__Work item__.
Among the entries that follow, locate the line with "Reality Audio)」が中国で初めて展示された。(c)CNS/JCM/AFPBB News" and the line with "(2) Въ рапорт%". Output those lines and all lines in between, exactly, minus the pictures.

__Exercise inputs__.
☆ ☆ ☆
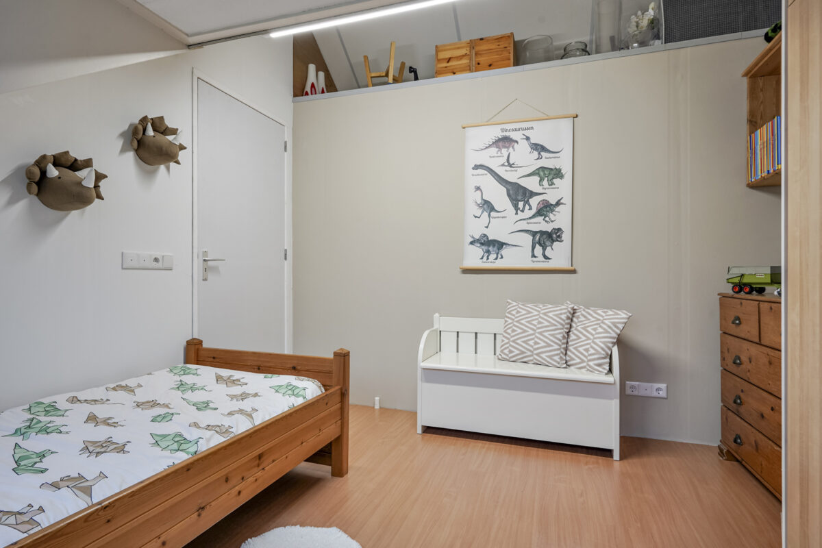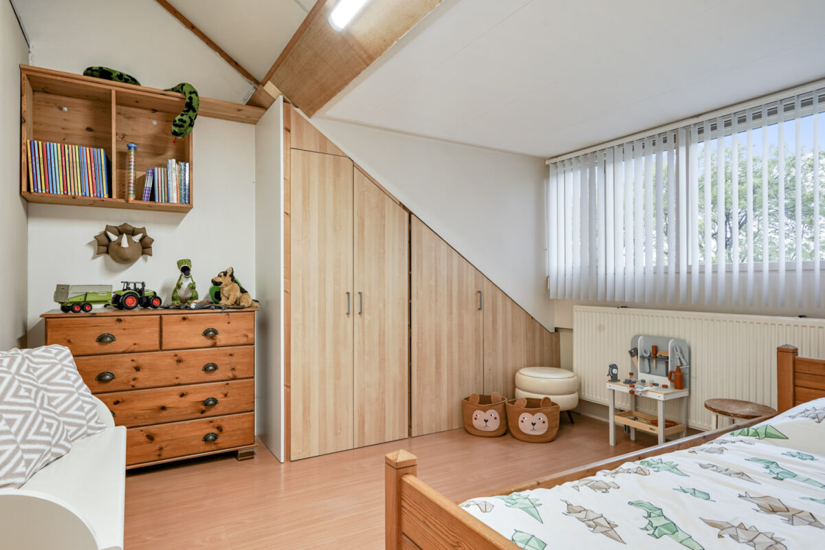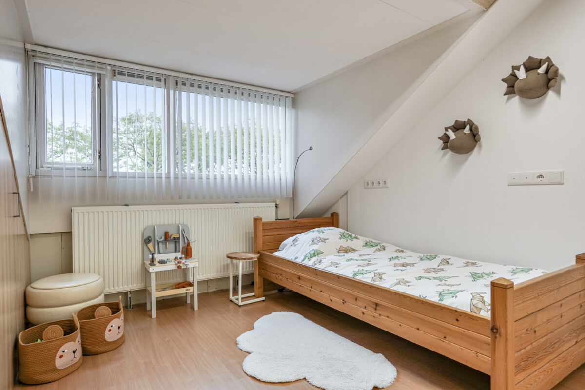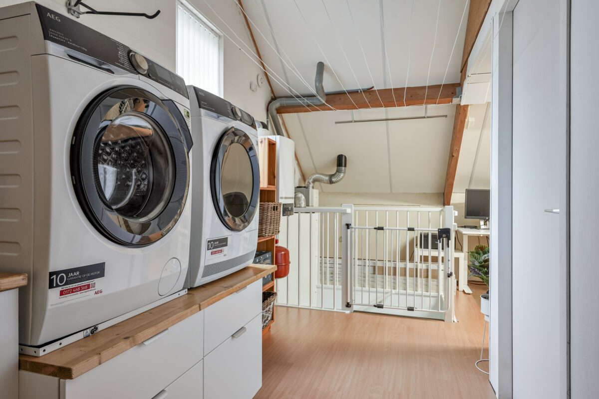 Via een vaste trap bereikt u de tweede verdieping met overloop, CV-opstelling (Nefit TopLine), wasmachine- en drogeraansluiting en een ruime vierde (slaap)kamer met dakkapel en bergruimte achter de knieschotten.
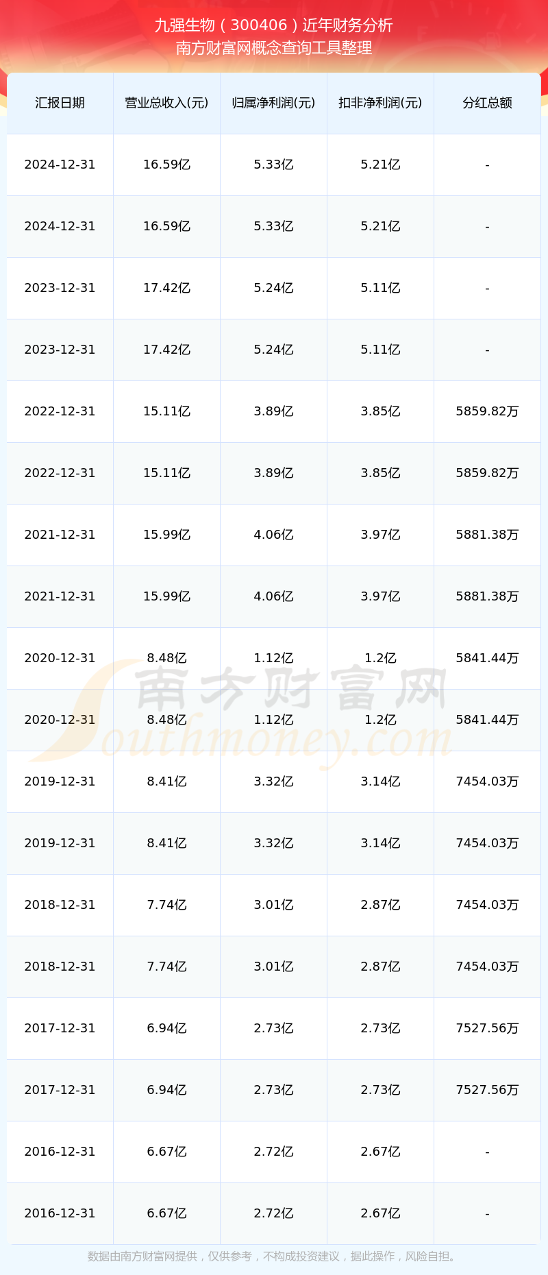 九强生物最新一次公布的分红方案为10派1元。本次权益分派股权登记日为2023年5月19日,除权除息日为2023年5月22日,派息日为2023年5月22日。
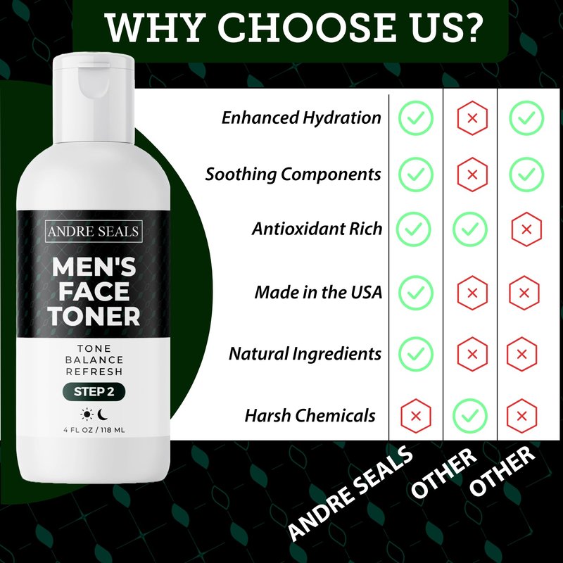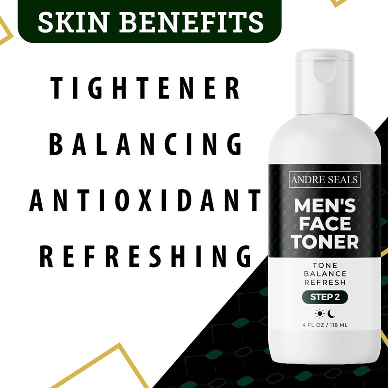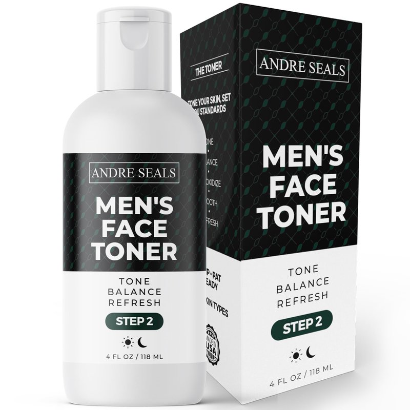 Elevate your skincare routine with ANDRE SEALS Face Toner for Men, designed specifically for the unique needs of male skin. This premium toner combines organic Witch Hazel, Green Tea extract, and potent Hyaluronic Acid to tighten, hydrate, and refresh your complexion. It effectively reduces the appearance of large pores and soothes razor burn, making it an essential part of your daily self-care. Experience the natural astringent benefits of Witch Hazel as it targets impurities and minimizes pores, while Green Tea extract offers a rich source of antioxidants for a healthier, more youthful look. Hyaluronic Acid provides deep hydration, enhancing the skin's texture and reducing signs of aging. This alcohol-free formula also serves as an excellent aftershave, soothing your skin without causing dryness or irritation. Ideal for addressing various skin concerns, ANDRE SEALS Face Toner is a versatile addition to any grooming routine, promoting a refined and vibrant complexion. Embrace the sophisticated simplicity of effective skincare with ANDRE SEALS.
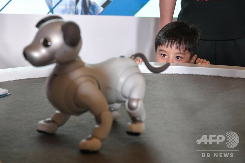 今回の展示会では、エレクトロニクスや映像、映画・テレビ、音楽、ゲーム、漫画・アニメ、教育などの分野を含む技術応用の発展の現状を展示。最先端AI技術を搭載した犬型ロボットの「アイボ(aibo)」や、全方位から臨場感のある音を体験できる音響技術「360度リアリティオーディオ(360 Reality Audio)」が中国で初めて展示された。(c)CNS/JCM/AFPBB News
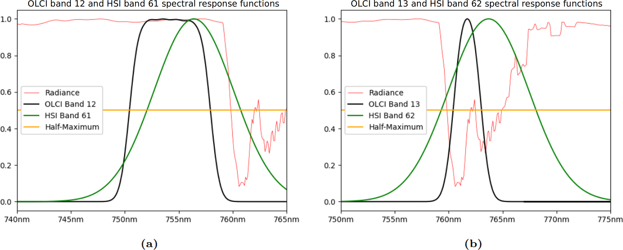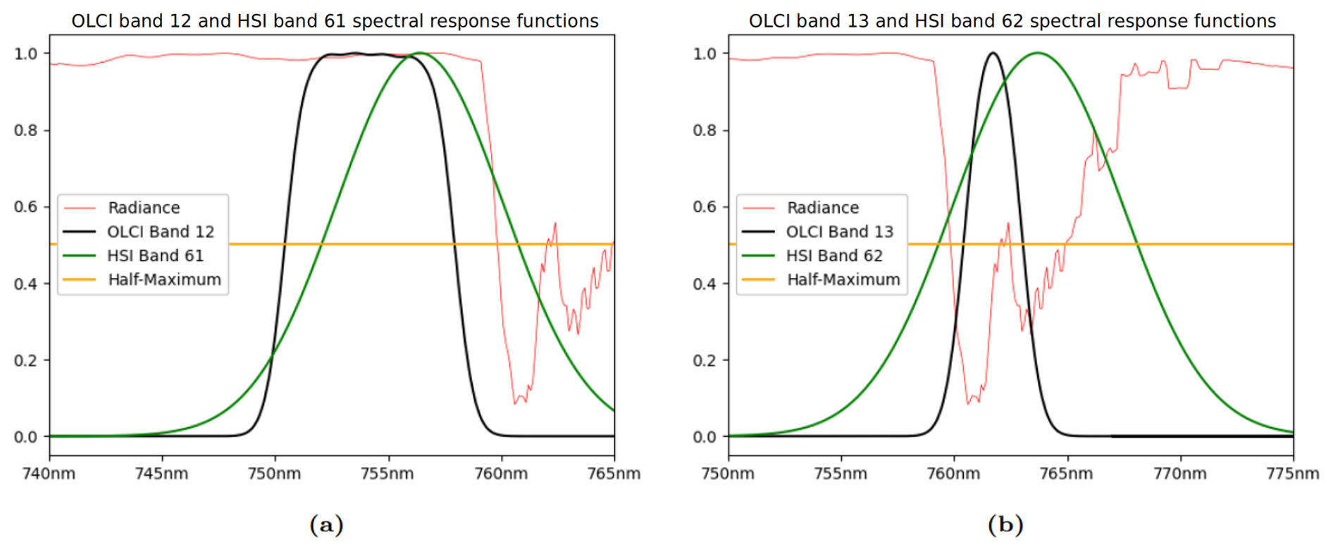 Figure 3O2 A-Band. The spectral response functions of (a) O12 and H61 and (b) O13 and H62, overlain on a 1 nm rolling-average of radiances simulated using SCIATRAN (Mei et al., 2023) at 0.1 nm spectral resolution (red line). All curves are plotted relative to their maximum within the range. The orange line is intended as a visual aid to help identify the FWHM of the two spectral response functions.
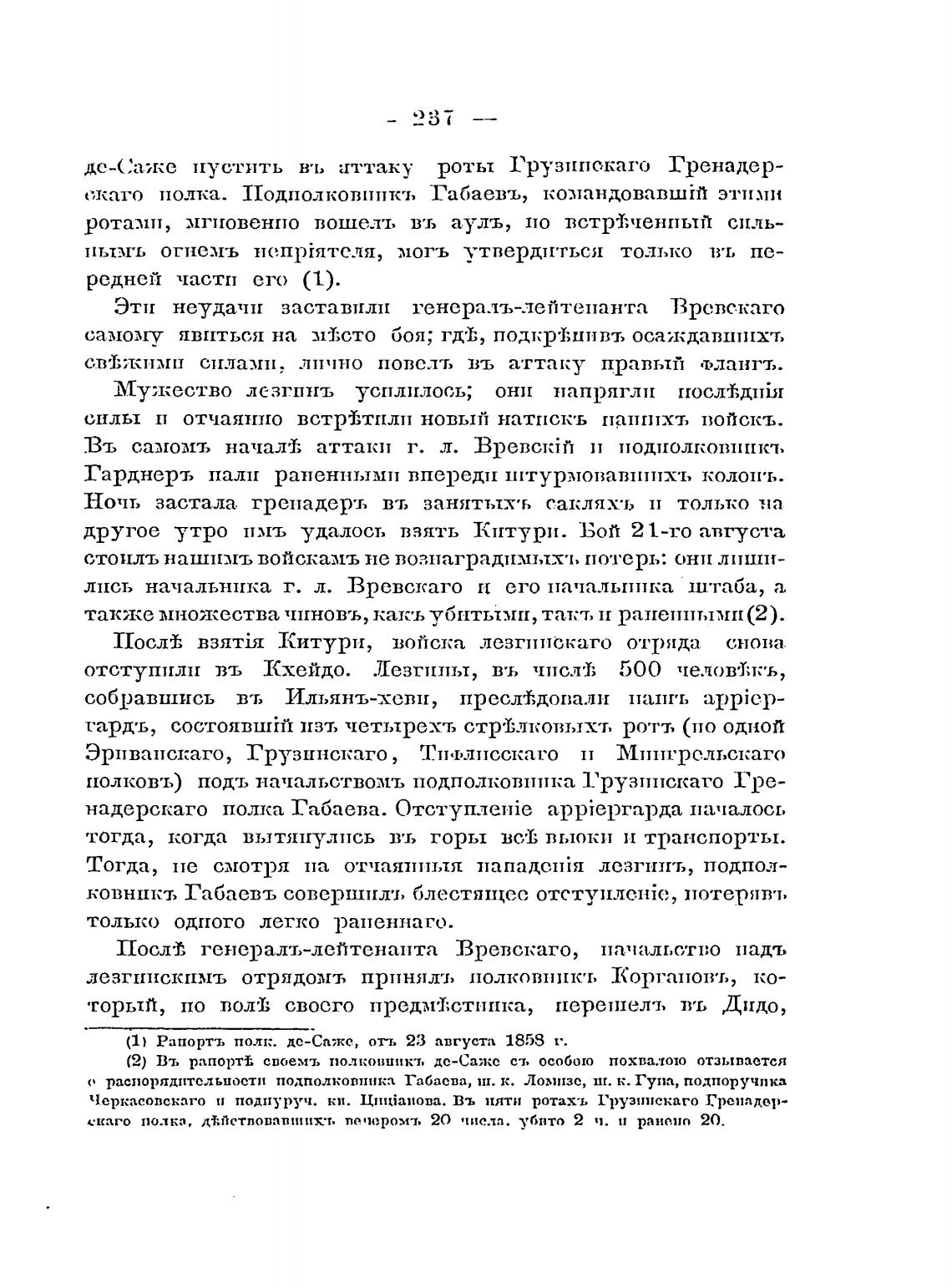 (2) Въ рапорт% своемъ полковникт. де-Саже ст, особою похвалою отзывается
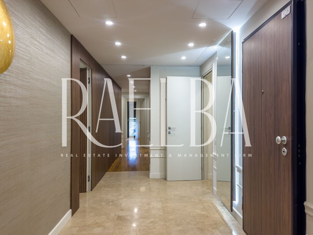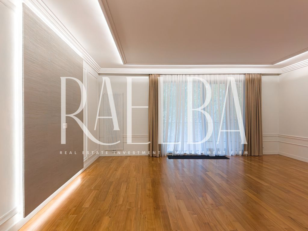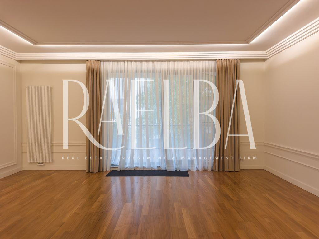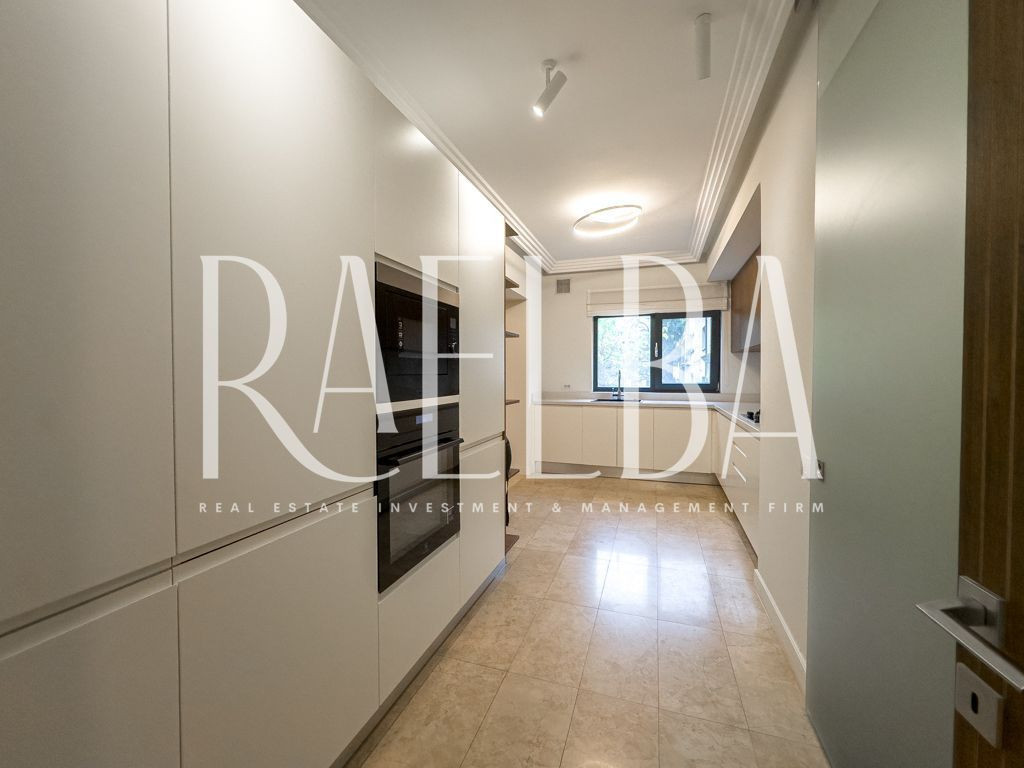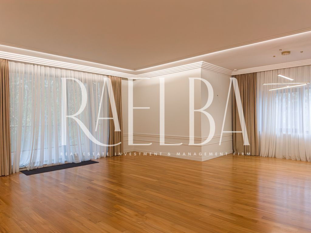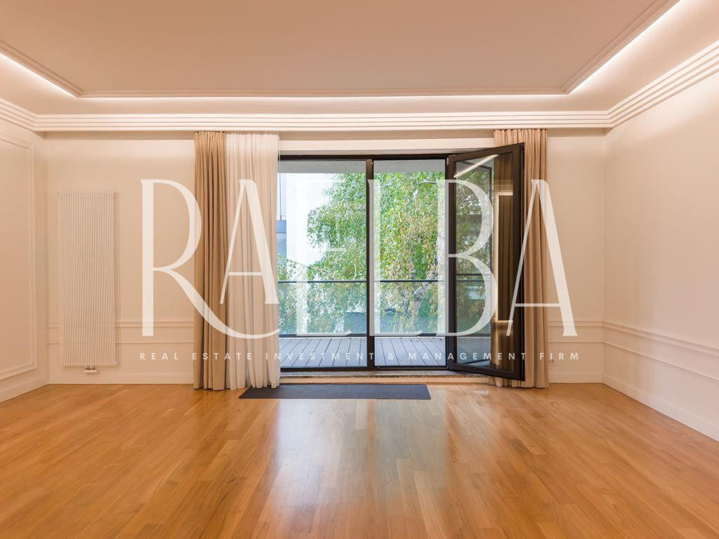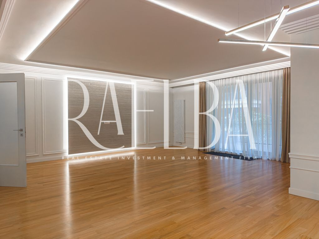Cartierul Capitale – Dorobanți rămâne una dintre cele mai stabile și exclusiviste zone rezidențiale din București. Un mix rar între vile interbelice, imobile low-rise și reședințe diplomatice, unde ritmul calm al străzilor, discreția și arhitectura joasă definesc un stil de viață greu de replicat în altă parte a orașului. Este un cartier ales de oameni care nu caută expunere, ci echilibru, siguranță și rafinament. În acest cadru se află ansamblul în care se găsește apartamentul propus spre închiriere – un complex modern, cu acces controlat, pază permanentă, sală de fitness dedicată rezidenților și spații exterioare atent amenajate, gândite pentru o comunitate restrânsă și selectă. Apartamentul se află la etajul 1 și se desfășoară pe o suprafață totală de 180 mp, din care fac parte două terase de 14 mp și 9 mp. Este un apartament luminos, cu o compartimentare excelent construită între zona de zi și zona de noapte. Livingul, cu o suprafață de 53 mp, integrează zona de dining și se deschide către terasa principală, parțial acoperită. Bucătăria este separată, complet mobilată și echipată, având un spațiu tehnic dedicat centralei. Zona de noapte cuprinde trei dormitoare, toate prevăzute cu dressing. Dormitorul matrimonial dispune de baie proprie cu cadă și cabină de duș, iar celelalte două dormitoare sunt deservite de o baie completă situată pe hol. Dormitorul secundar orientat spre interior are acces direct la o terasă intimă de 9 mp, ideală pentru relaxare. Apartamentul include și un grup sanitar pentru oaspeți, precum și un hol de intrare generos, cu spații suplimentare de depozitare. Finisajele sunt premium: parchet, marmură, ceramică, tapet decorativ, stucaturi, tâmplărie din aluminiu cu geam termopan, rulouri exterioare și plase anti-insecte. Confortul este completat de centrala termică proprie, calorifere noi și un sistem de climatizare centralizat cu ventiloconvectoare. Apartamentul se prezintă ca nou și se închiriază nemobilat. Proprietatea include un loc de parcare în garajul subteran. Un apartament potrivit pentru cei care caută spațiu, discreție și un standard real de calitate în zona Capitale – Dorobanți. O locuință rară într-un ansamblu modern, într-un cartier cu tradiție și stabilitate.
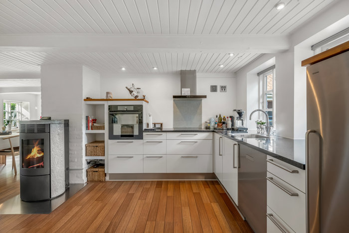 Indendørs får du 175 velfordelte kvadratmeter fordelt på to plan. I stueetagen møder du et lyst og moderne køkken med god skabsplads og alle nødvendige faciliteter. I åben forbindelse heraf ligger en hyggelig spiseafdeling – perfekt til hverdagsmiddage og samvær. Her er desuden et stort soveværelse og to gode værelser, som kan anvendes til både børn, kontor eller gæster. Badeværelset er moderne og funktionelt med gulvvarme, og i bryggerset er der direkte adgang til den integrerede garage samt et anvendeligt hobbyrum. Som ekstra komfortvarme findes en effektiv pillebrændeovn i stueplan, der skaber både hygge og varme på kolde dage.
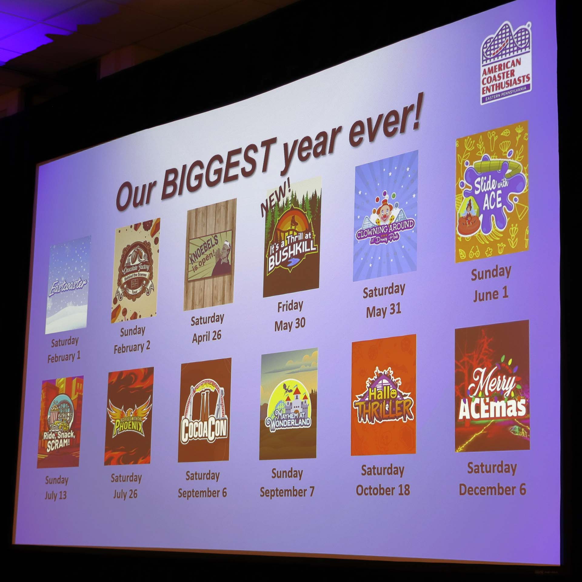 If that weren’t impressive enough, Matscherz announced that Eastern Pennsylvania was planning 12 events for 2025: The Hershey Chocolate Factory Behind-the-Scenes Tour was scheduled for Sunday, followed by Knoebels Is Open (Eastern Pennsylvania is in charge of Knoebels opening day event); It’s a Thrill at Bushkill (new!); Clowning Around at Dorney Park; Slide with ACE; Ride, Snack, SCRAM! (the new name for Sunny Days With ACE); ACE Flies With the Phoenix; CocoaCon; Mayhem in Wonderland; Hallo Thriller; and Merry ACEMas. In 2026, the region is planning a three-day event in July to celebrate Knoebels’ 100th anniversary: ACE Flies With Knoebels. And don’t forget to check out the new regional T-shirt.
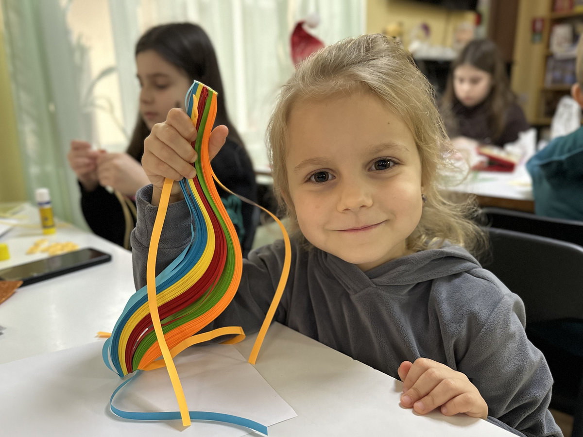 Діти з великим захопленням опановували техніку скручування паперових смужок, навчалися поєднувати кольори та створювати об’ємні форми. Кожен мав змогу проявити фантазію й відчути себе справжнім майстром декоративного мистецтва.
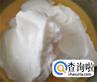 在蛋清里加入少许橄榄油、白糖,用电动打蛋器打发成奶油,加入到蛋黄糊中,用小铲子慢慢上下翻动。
☆ ☆ ☆
__Exercise answer__.
 今回の展示会では、エレクトロニクスや映像、映画・テレビ、音楽、ゲーム、漫画・アニメ、教育などの分野を含む技術応用の発展の現状を展示。最先端AI技術を搭載した犬型ロボットの「アイボ(aibo)」や、全方位から臨場感のある音を体験できる音響技術「360度リアリティオーディオ(360 Reality Audio)」が中国で初めて展示された。(c)CNS/JCM/AFPBB News
 Figure 3O2 A-Band. The spectral response functions of (a) O12 and H61 and (b) O13 and H62, overlain on a 1 nm rolling-average of radiances simulated using SCIATRAN (Mei et al., 2023) at 0.1 nm spectral resolution (red line). All curves are plotted relative to their maximum within the range. The orange line is intended as a visual aid to help identify the FWHM of the two spectral response functions.
 (2) Въ рапорт% своемъ полковникт. де-Саже ст, особою похвалою отзывается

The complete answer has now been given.